• **RECORDED DATA**
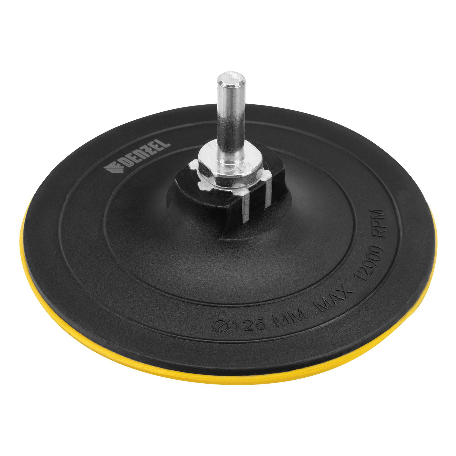 Тарелка опорная для дрели и УШМ с липучкой, 125 мм, твердая, с адаптером c М14 на d8// Denzel
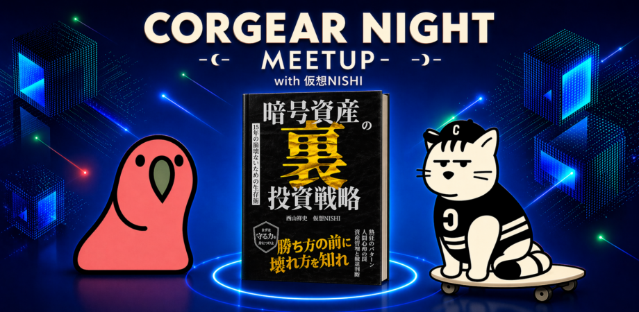 イベント詳細 CORGEAR Night vol.29 第29回 CORGEAR Night ~冬の時代をどう生き残るか ― 仮想NISHIと振り返るクリプト暴落の歴史~今回のCORGEAR Nightでは、暗号資産アナリストの仮想NISHI氏をお迎えし、これまでのクリプト市場における暴落の歴史を振り返ります。Mt.GOX崩壊、ICOバブルの終焉、長い冬の時代。 クリプトの歴史は、熱狂と暴落の繰り返しでもありました。 そのたびに市場の空気は一変し、多くのプロジェクトやプレイヤーが姿を消してきました。それでもなお、この領域に残り続け、変化を見続けてきた人たちがいます。仮想NISHI氏は、日々の相場分析に加え、この春には「中級者向けのトレーディング」と「仮想通貨の15年の歴史」をテーマにした書籍の発売も予定しています。 今回のイベントでは、そうした視点も交えながら、それぞれの暴落局面で何が起きていたのか、なぜ一部の人たちは生き残ることができたのかを振り返ります。
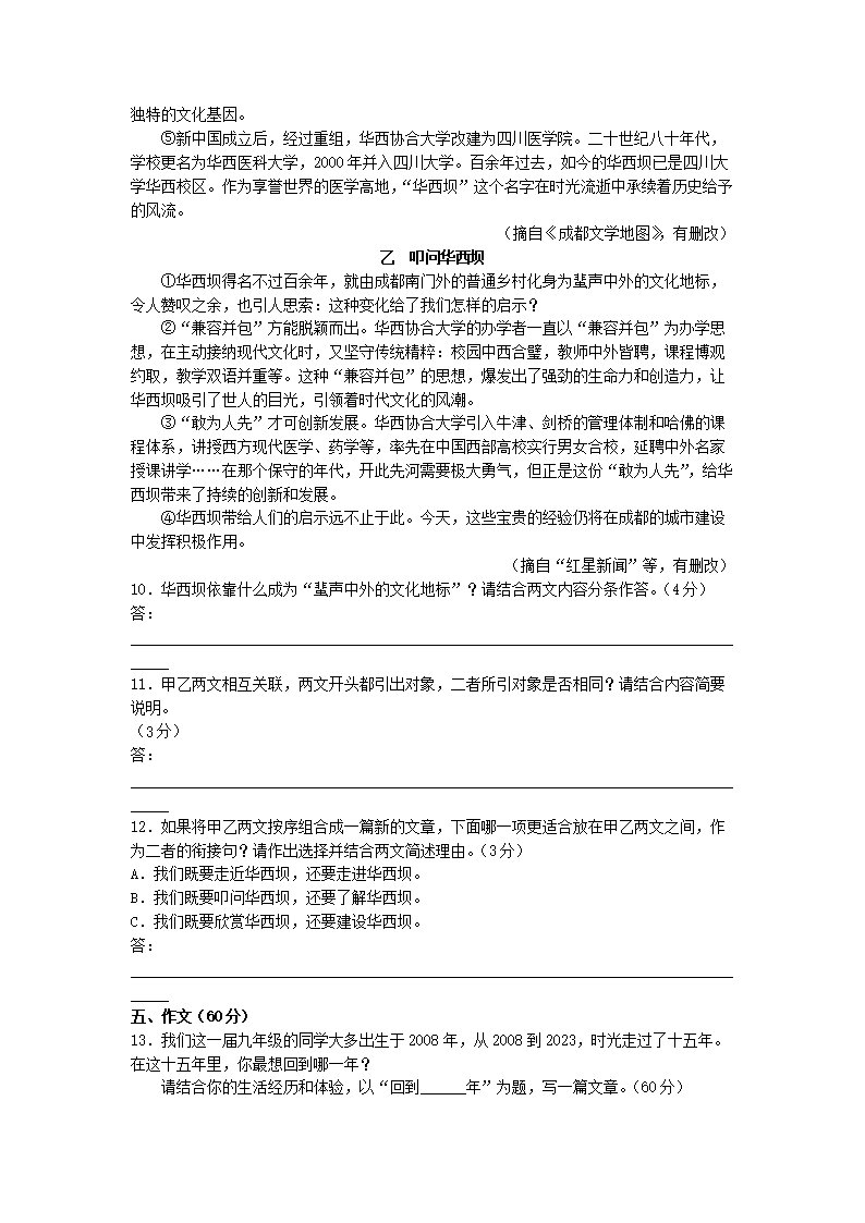 2023年四川成都中考语文试题及答案(Word版)06-16

• **PROBLEM DETAILS**
Your task is to reproduce all of the material exactly. The pictures stay out.

• **EXPECTED ANSWER**
 Тарелка опорная для дрели и УШМ с липучкой, 125 мм, твердая, с адаптером c М14 на d8// Denzel
 イベント詳細 CORGEAR Night vol.29 第29回 CORGEAR Night ~冬の時代をどう生き残るか ― 仮想NISHIと振り返るクリプト暴落の歴史~今回のCORGEAR Nightでは、暗号資産アナリストの仮想NISHI氏をお迎えし、これまでのクリプト市場における暴落の歴史を振り返ります。Mt.GOX崩壊、ICOバブルの終焉、長い冬の時代。 クリプトの歴史は、熱狂と暴落の繰り返しでもありました。 そのたびに市場の空気は一変し、多くのプロジェクトやプレイヤーが姿を消してきました。それでもなお、この領域に残り続け、変化を見続けてきた人たちがいます。仮想NISHI氏は、日々の相場分析に加え、この春には「中級者向けのトレーディング」と「仮想通貨の15年の歴史」をテーマにした書籍の発売も予定しています。 今回のイベントでは、そうした視点も交えながら、それぞれの暴落局面で何が起きていたのか、なぜ一部の人たちは生き残ることができたのかを振り返ります。
 2023年四川成都中考语文试题及答案(Word版)06-16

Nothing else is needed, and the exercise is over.